Cam Newton Will Go Down as the Last Man the NFL Didn't Have to Care About

None
facebooktwitter

Cam Newton is a Heisman Trophy winner and an NFL MVP, but if his career keeps going the way it is, he’ll be most remembered as The Last Man the NFL Didn’t Have to Care About.

Newton again is writhing about in the middle of another mess created by the NFL’s concussion protocol, which seems to exist only in theory. It obviously doesn’t apply to Newton, who is far too good and far too compliant to be taken out of a game unless he can’t even stand, and even then … they‘ll figure something out. 

On that play, Newton takes a direct helmet-to-helmet hit, and he is clearly dazed by it even before he tries to run off the field and collapses to his knees. By any reading of the NFL’s rules when it comes to incidents like that, Newton should have been pulled from the action and evaluated for a concussion, but he wasn’t.

Newton is hardly the only player whose apparent head injuries are treated this way, especially in the playoffs. But there is no other player whose career is defined by this issue to the extent Newton’s is. If you look at the way Newton has been treated over the years by game officials, opponents, medical personnel, and the Carolina Panthers, it is clear that he is not considered to be “destructible” in the same way other players are, and the fact that he has missed just three starts in his career is evidence that all these people may be sort of correct about that.

Newton used to complain about this. So did his mom and dad. Even Roger Goodell admitted officials screwed up when the Denver Broncos were allowed to tee off on him without consequence in the 2016 season opener.

But Newton himself quickly gave up, as if he read the tea leaves and figured out before anybody else did that nobody wanted to hear him complaining.

"“I’m worried about winning. That’s it. Winning. Winning football games,” Newton said, via NFL.com. “That’s why I’m here. I’m not here to worry about retirement plans. I’m not here to worry about pensions. I’m not here to worry about workers comp. I’m here to win football games. Simple and plain. This is a contact sport. This is a physical sport. I play the game for the right reasons to whatever coach asks me to do, I’m gonna do it, to win football games.” "

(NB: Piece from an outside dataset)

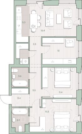 О квартире Продаётся 3-комнатная квартира общей площадью 89 кв.м. без отделки. Квартира расположена на 12 этаже корпуса 5.7 в жилом комплексе бизнес-класса "Среда на Лобачевского" в пешей доступности от метро "Аминьевская". О жилом комплексе "Среда на Лобачевского" полностью соответствует критериям современного жилого пространства. Взяв за основу рациональный подход, мы гармонично соединили дизайн, актуальные тренды и функциональность. Продуманный современный экстерьер и функциональные планировки внутри, приватные пространства и разнообразные досуговые зоны для каждого члена семьи — все это "Среда на Лобачевского". Инфраструктура Район отлично развит и наполнен жизнью, здесь уже есть вся необходимая инфраструктура — детские сады, школы, медучреждения, торговые центры, благоустроены парки для прогулок и отдыха, удобен и легкодоступен городской транспорт. Рядом расположены учебные корпуса крупных университетов — МГУ, МГИМО и РАНХиГС. Школы и детские сады в районе занимают высокие позиции в городских рейтингах, поэтому вам не придется беспокоиться о качестве образования детей. Как и об отдыхе: поблизости расположены живописные пруды, реки и парки. Это Парк Олимпийской деревни, Парк имени 50-летия Октября, Мещерский парк и Очаковские пруды. Теперь поставить галочки в еженедельном чек-листе "спорт-прогулки-встречи с друзьями" можно, не покидая любимый район. Особенности Особое внимание в проекте уделяется созданию функциональных пространств не только внутри дома, но и за его пределами. В ландшафтном парке "Среды на Лобачевского" расположены крытые зоны для спокойного времяпровождения, места для активного отдыха и спорта, коворкинг, соседский комьюнити-центр, водные объекты. —Ландшафтный парк во дворе. —Водный сад с зонами отдыха. —Зоны коворкинга. —Дизайнерские гранд-лобби. —Бесключевой доступ. —Подземный паркинг. Квартира в ипотеку в новостройке в районе Очаково-Матвеевское в Москве.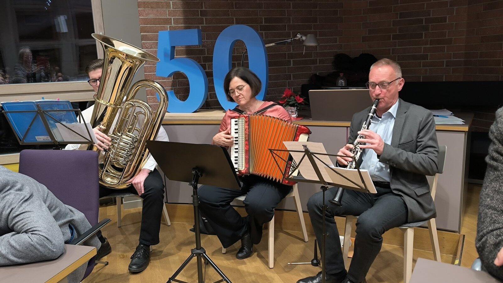 Andreas Friedländer an der Klarinette, Andrea Karl-Brandl am Akkordeon und Timo Blicke an der Tuba (von rechts) spielten einige Male auf.

He’s sucking it up, in other words.

It would be hard to blame Newton at this point for feeling like he was put on earth to be used up by a football machine that will pay him richly to throw touchdown passes, pick himself up off the turf, and keep his mouth shut — which isn’t the worst deal in the world, after all. He suffers from the same affliction as Lebron James or Wilt Chamberlain. Newton is so strong and so tough that feeling sorry for him feels like pitying the cheetah that couldn’t run down the gazelle.

He’ll be fine. 

Except he won’t be. Or at least he might not be.

Twenty years ago, he’s Brett Favre. When Troy Aikman got all those concussions everybody thought it was a big joke. But it just so happens that Cam Newton’s career has come along during the time football was flailing wildly trying to figure out how to save itself.

As time moves forward, and the sport resolves these issues in whatever way it winds up resolving them, the memories of what happened to Julian Edelman in the Super Bowl last year or Tom Savage in Week 1 this year will absorb into the broth that simmered during these times.

But 20 years from now it will be impossible to remember this era or Cam Newton’s career without remembering these images of him getting crunched right in the head, over and over and over again.  He is the player whose experience on the field most dramatically demonstrates the problems with the NFL’s concussion protocol (mainly that no such thing exists), and he’s had enough of them now there is no way to write it off.

The NFL and the Panthers will simply have to start protecting Cam Newton. And if they’ll take out the indestructible MVP who doesn’t even complain about the hits anymore, well, that means they’ll take out anybody.